On se regarde. On consulte humblement Martin lui-même. Avec les suggestions du
bienveillant banquier, on convient que $200 pour chacun paraissent suffisants pour commencer. Rendez-vous fixé pour le lendemain soir.
Les hommes se retirent, échangent entre eux des
réflexions émues, se couchent tard, ne s'endorment bien que vers le matin, après avoir longtemps rêvé d'or les yeux ouverts.
Martin, lui, ne perd pas de temps. Il oublie sa
fatigue pour ne penser qu'à son avenir de banquier. A la faveur du petit jour, il creuse un trou, y roule son baril, le couvre de terre, le dissimule sous des touffes d'herbe soigneusement
placées, y transplante même un petit arbuste pour cacher toute trace.
Puis, il met en œuvre sa petite presse, pour
imprimer mille billets d'un dollar. En voyant les billets sortir, tout neufs, de sa presse, il songe en lui même:
-"Comme ils sont faciles à faire, ces billets !
Ils tirent leur valeur des produits qu'ils vont servir à acheter. Sans produits, les billets ne vaudraient rien. Mes cinq naïfs de clients ne pensent pas à cela. Ils croient que c'est l'or qui
garantit les piastres. Je les tiens par leur ignorance !"
Le soir venu, les cinq arrivent en courant près
de Martin.
8. A qui l'argent frais fait?
Cinq piles de billets étaient là, sur la
table.
-"Avant de vous distribuer cet argent, dit le
banquier, il faut s'entendre.
"L'argent est basé sur l'or. L'or, placé dans la
voûte de ma banque, est à moi. Donc, l'argent est à moi... Oh! ne soyez pas tristes. Je vais vous prêter cet argent, et vous l'emploierez à votre gré. En attendant, je ne vous charge que
l'intérêt. Vu que l'argent est rare dans l'Ile, puisqu'il n'y en a pas du tout, je crois être raisonnable en demandant un petit intérêt de 8% seulement.

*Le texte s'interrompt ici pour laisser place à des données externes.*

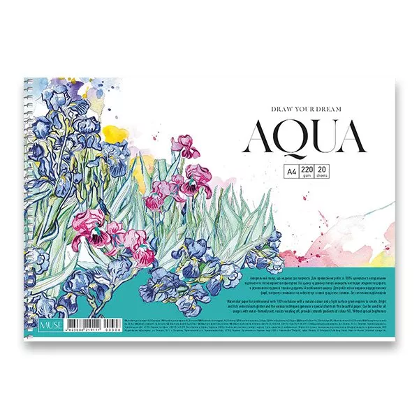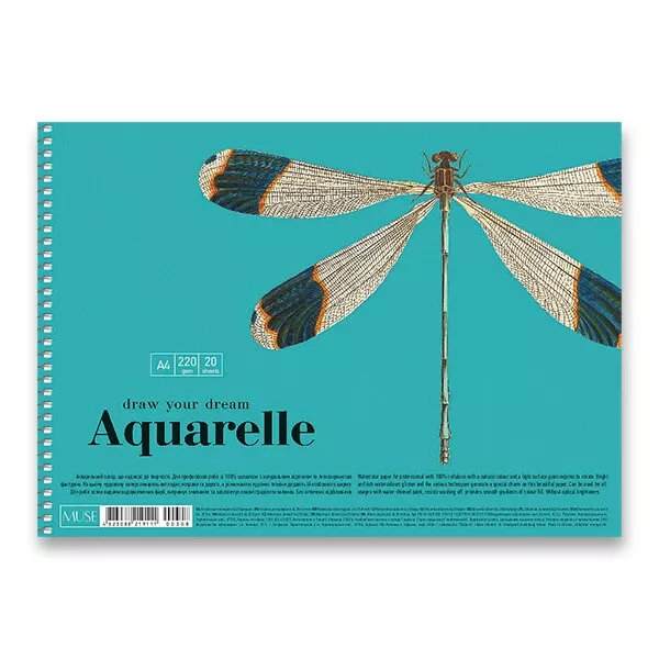 Skicák řady Aquarelle ve velikosti A4 (209,5 x 295 mm) má desky z tvrdého kartonu a krémový papír o gramáži 220 g/m2, 20 listů. Díky boční spirále lze jednoduše otáčet listy až do 360º. Formát: A4, 20 listů, mix 3 motivů

-"En effet, monsieur Martin, vous êtes très
généreux.
-"Un dernier point, mes amis. Les affaires sont
les affaires, même entre grands amis. Avant de toucher son argent, chacun de vous va signer ce document: c'est l'engagement par chacun de rembourser capital et intérêts, sous peine de
confiscation par moi de ses propriétés. Oh ! une simple garantie. Je ne tiens pas du tout à jamais avoir vos propriétés, je me contente d'argent. Je suis sûr que vous garderez vos biens et que
vous me rendrez l'argent.
-"C'est plein de bons sens, monsieur Martin.
Nous allons redoubler d'ardeur au travail et tout rembourser.
-"C'est cela. Et revenez me voir chaque fois que
vous avez des problèmes. Le banquier est le meilleur ami de tout le monde... Maintenant, voici à chacun ses deux cents dollars."
Et nos 5 hommes s'en vont ravis, les piastres
plein les mains et plein la tête.
9. Un problème d'arithmétique
L'argent de Martin a circulé dans l'Ile. Les
échanges se sont multipliés en se simplifiant. Tout le monde se réjouit et salue Martin avec respect et gratitude.
Cependant, le prospecteur, est inquiet. Ses produits sont encore sous terre. Il n'a
plus que quelques piastres en poche. Comment rembourser le banquier à l'échéance qui vient?
Après s'être longtemps creusé la tête devant son
problème individuel, Thomas l'aborde socialement:
"Considérant la population entière de l'île,
songe-t-il, sommes nous capables de tenir nos engagements? Martin a fait une somme totale de $1000. Il nous demande au total $1080. Quand même nous prendrions ensemble tout l'argent de l'île pour
le lui porter, cela ferait 1000 pas 1080. Personne n'a fait les $80 de plus. Nous faisons des choses, pas des piastres. Martin pourra donc saisir toute l'île, parce que tous ensemble, nous ne
pouvons rembourser capital et intérêts.
"Si ceux qui sont capables remboursent pour
eux-mêmes sans se soucier des autres, quelques-uns vont tomber tout de suite, quelques autres vont survivre. Mais le tour des autres viendra et le banquier saisira tout. Il vaut mieux s'unir tout
de suite et régler cette affaire socialement."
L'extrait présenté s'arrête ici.